A limitação mais evidente está nos pneus originais, que funcionam bem no asfalto, mas pedem mais aderência quando o piso deixa de ser pavimentado. Ainda assim, eu duvido muito que os futuros donos desse modelo mantenham o carro exatamente como sai de fábrica.
O conforto e o Jeep Gladiator
Ele não é um carro leve, mas também não é um veículo de trabalho “puro”. A Jeep Gladiator encontrou um equilíbrio bem interessante entre capacidade de serviço e conforto ao rodar.
Na estrada, é o câmbio automático de oito marchas que ajuda a manter o ruído em níveis aceitáveis - já sabendo que este Jeep não é referência nesse quesito, mesmo trazendo um opcional que aumenta a quantidade de material de isolamento acústico no interior.
Por outro lado, não falta conveniência. Começa pelos bancos elétricos e aquecidos e vai até o sistema de infoentretenimento Uconnect Rádio com tela de 8,4″. Está tudo o que se espera de um carro moderno: inclusive assistente de permanência em faixa e frenagem automática.

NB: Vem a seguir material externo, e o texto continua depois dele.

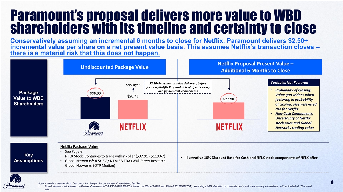 Wall Street views of Global Networks and direct comparables highlight risk and uncertainty associated with Global Networks stock Wall Street is valuing WBD’s Global Networks at 4.5x and Versant, a direct comp to Global Networks, at 4-5x EBITDA. This range implies limited equity value for Global Networks at expected leverage of >3.5x Net Debt / EBITDA Illustrative Comparable Companies Capitalization 4.5x 4.5x TEV / NTM EBITDA TEV / NTM EBITDA 1 1.3x Net Debt / NTM EBITDA 2 3.9x Net Debt / NTM EBITDA 3.3x Equity Value / NTM EBITDA Results in only $1.00 / Equity Value / NTM EBITDA 0.6x share of value Global Networks Source: Netflix / Warrner Bros. Discovery, Inc. Merger Announcement Presentation, Versant Investor Day Presentation, FactSet. 1. Target Net Leverage per Versant Investor Day Presentation. 7 2. Global Networks Net Debt / NTM EBITDA based on Factset Consensus NTM 9/30/2026E EBITDA (based on 25% of 2026E and 75% of 2027E EBITDA), assuming a 50% allocation of corporate costs and intercompany eliminations, with estimated ~$15bn in net debt.

Razão e emoção em conflito
Com tudo o que já foi dito, dá para perceber que a Jeep Gladiator não é só um exercício de estilo bem executado. Ela é, acima de tudo, um produto com muitas qualidades - e talvez a maior delas seja justamente o quanto ela é desejável.
No fim das contas, é uma escolha que só faz sentido se você realmente precisar da capacidade de carga da Gladiator. Caso contrário, se você for como eu, que faz apenas off-road leve, existem outras opções tão competentes quanto e, inclusive, mais eficientes.